The distribution of the four nucleotides along the DNA sequence encodes the genetic information in living systems. However, do nucleic acids possess other attributes that contribute to their biological functions? Recent work of a team led by Stoyno Stoynov, working at the Bulgarian Academy of Sciences, suggests that thermodynamic stability of DNA/DNA and RNA/DNA duplexes influences mRNA transcription. The manuscript appears in the March 14 issue of the international, peer-reviewed, open-access online journal PLoS ONE.
“These findings challenge the way we look at DNA,” says Stoynov. “Until now we have pretty much simplified our view of DNA helix as a Lego combination of four different pieces, which encodes genetic information and contain patterns, recognized by DNA binding proteins. However, nucleic acids are real molecules with defined physical characteristics, which can influence their biological functions.”
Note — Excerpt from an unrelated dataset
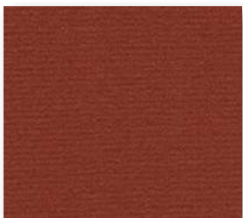
▲ 165 4 m

In this work the authors present a calculation of the thermodynamic stability of DNA/DNA and mRNA/DNA duplexes across the genomes of four species in the genus Saccharomyces. The researchers found that genes of these organisms are more stable than intergenic regions near their 3?-end. In addition, introns (internal non-coding regions in genes) are significantly less stable than exons (coding sequences in genes), suggesting that stable sense duplexes are characteristic of the coding sequences.
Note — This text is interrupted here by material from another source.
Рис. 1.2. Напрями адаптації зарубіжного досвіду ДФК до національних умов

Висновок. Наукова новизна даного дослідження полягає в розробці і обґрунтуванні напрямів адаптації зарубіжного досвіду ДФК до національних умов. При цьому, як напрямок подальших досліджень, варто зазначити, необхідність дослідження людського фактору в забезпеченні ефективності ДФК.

Next, the authors showed a relationship between the pattern of thermodynamic stability and the mRNA level of genes. There is a general trend of increased mRNA level with increasing thermodynamic stability of the respective gene. Positive correlation was observed between the mRNA level and the stability of DNA/DNA and mRNA/DNA duplexes of both exons and introns. In contrast, an inverse relationship exists between mRNA levels and stability of the region near 3?-end of genes. mRNA levels increase with decreasing thermodynamic stability of this region. “The observed correlations are impressive, given that several other factors like promoter effectiveness, promoter regulation, and mRNA half-life directly influence mRNA level, as well,” says Stoynov.
The researchers also observed that, in contrast to intergenic regions, genes have more stable sense RNA/DNA duplexes than potential antisense RNA/DNA duplexes. “The difference between stability of sense and antisense mRNA/DNA is a property that can aid gene discovery,” explains Stoynov.
“Thermodynamic stability of nucleic acid duplexes depends primarily on thermodynamic properties of nearest-neighbor nucleotide interactions. Therefore, the stability of DNA/DNA and RNA/DNA duplexes is determined by the distribution of the ten possible DNA/DNA nucleotide duplets (dAA/dTT, dGC/dCG, etc.) and the sixteen possible RNA/DNA duplets (rAA/dTT, rUA/dAT, etc.). Such duplet code does not carry any genetic information but seems to modulate the level of RNA expression. It is amazing that the same nucleotide sequence can simultaneously encode its respective protein and modulate its level of expression.” says Stoynov.
The mechanism of how DNA/DNA and mRNA/DNA duplex stability influences mRNA level remains unclear. The authors propose two models, but further work is needed to understand how thermodynamic stability modulates mRNA level.